Clozapine-induced gastrointestinal hypomotility (CIGH), a condition associated with high levels of morbidity and mortality, is more prevalent than previously thought and receives insufficient regulatory and clinical attention, according to a study conducted in New Zealand.
CIGH is defined as “an acquired state of delayed transit through the gastrointestinal tract (ie, transit time >2 standard deviations [SD] above the mean).” The colloquial term is “slow gut,” which describes the drug’s pharmacologic impact on the enteric nervous system.
Susanna Every-Palmer of the Te Korowai Whariki Central Regional Forensic Service, Capital & Coast District Health Board in Newton, New Zealand, and Pete Ellis of the department of psychological medicine, University of Otago, Dunedin, New Zealand, analyzed data from all reports of serious CIGH submitted to the Australian Therapeutic Goods Administration and New Zealand Pharmacovigilance Centre between 1992 and 2013. They investigated whether clozapine drug safety information in Australia, New Zealand, the United States, and the United Kingdom was “adequate and consistent with pharmacoepidemiologic evidence.”

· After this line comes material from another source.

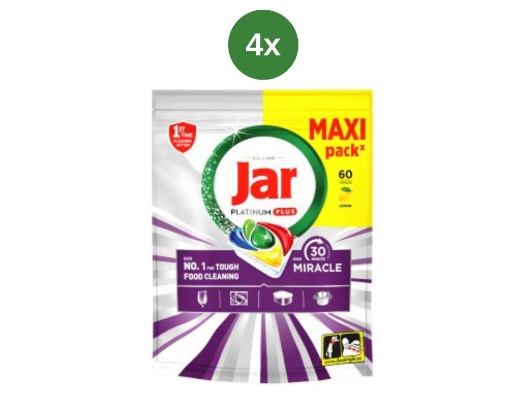 A Jar Platinum Plus Miracle MAXI rendkívül hatékony, mindent az egyben mosogatógép-kapszulák, amelyek tökéletes eredményt biztosítanak még az erősen szennyezett edények esetén is. Fejlett technológiájuknak köszönhetően mindössze egy rövid mosási ciklus alatt, előmosás nélkül eltávolítják a rászáradt ételmaradékokat és zsírt.
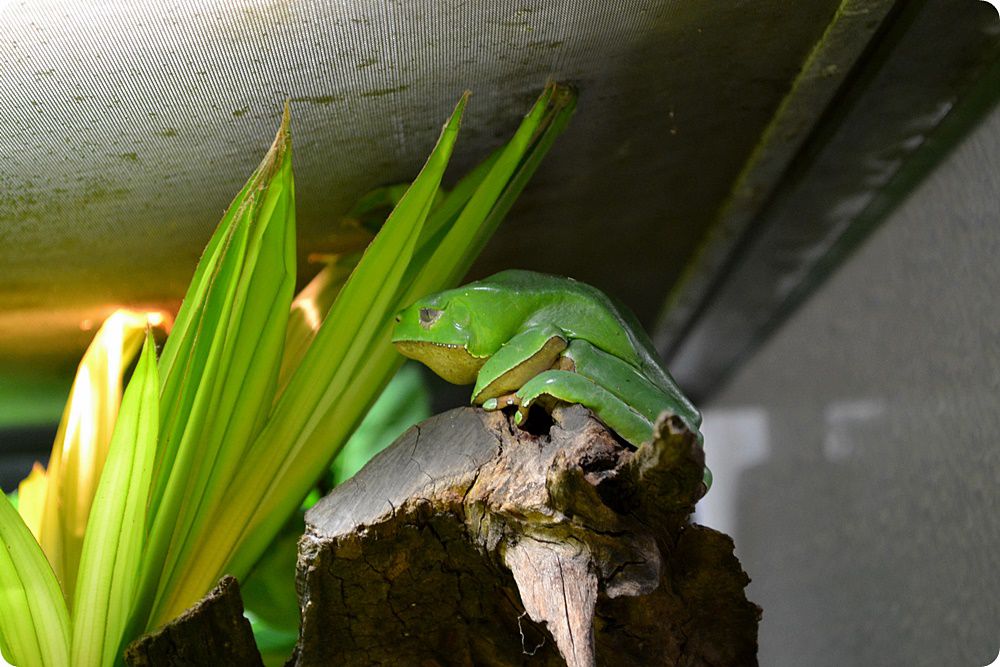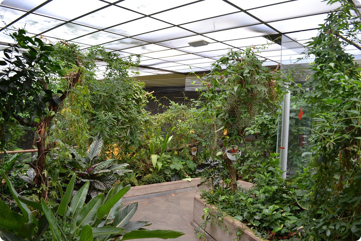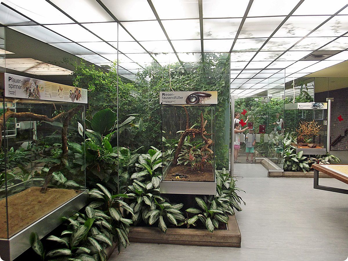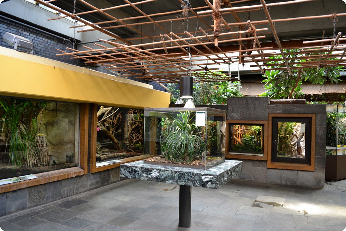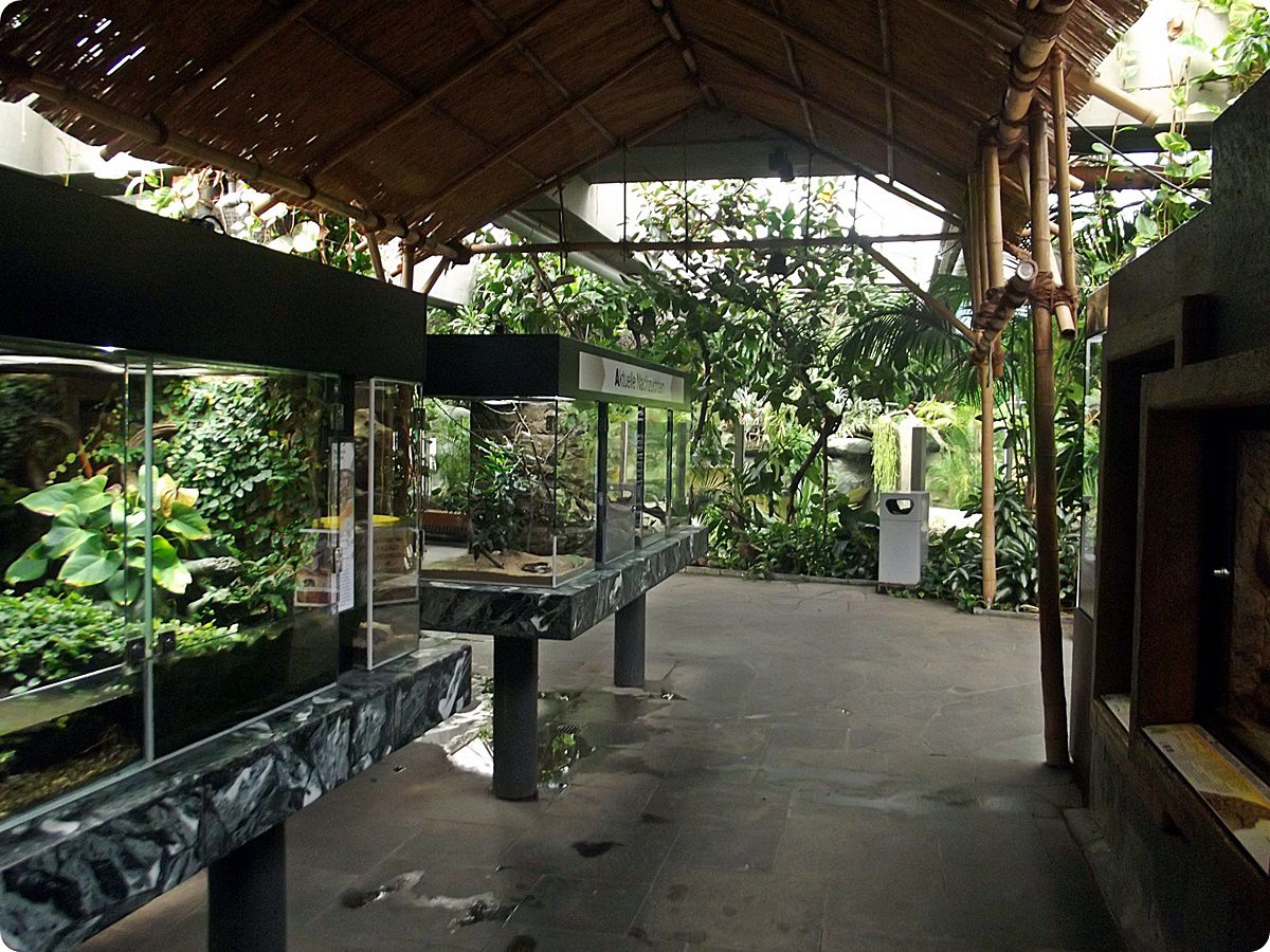 A lepkebemutatót több terrárium egészíti ki, egyebek mellett itt tekinthetjük meg az állatkert nyílméregbéka-gyűjteményének egy részét is. A felvételen a gyászbogarak (Blaps mortisaga), az óriás ezerlábúak (Archispirostreptus gigas), valamint az egyik legnagyobb lepkefaj, az imágó állapotban csupán néhány napig élő atlaszlepke (Attacus atlas) számára kialakított terráriumok láthatók.

They also examined summary international adverse drug reaction (ADR) data on CIGH from by the World Health Organization (WHO) in the Uppsala Monitoring Center, the largest pharmacovigilance databank in the world, covering reports submitted from over 100 countries between 1968 and 2013. The researchers also analyzed official clozapine drug information provided for both prescribers and patients in the United States, United Kingdom, New Zealand, and Australia.
Their goal was “to identify all cases where clozapine was the putative causal agent in serious gastrointestinal hypomotility events.”
During the study period, a total of 43,132 individuals started treatment with clozapine. Of these, 160 (37/10,000) were reported as having serious gastrointestinal hypomotility, with clozapine as the suspected cause.
Of the 160 patients with CIGH, 106 (66.3%) were male and 51 (31.95) were female. The age range was 17 to 76, with a mean of 46±13.4 (SD). In 135 patients (84%), clozapine dose was documented (M = 439±221 [SD], range = 25 1000 mg/day).
Clozapine serum levels were generally not included in the ADR reports, but available data showed that 37% of CIGH cases occurred within the first year of treatment. Constipation and intestinal obstruction were the most commonly reported events, accounting for 47.3% and 41.2% of non-fatal cases, respectively, and 27.6% and 27.6% of fatal cases, respectively.
The researchers note that a “common theme” was the late presentation of the patient to medical services, after significant pathology had already evolved. And, although on autopsy many patients were reported as having massive fecal impaction, prior complaints of constipation were not typically recorded.
According to subgroup analysis, patients with fatal outcomes ranged in age from 22 to 70 (mean age 50) and had significantly longer duration of treatment with clozapine than the rest of the group. For every 2 years on clozapine, the odds ratio (OR) of a fatal outcome increased by 1.21 (95% CI, 1.02-1.44).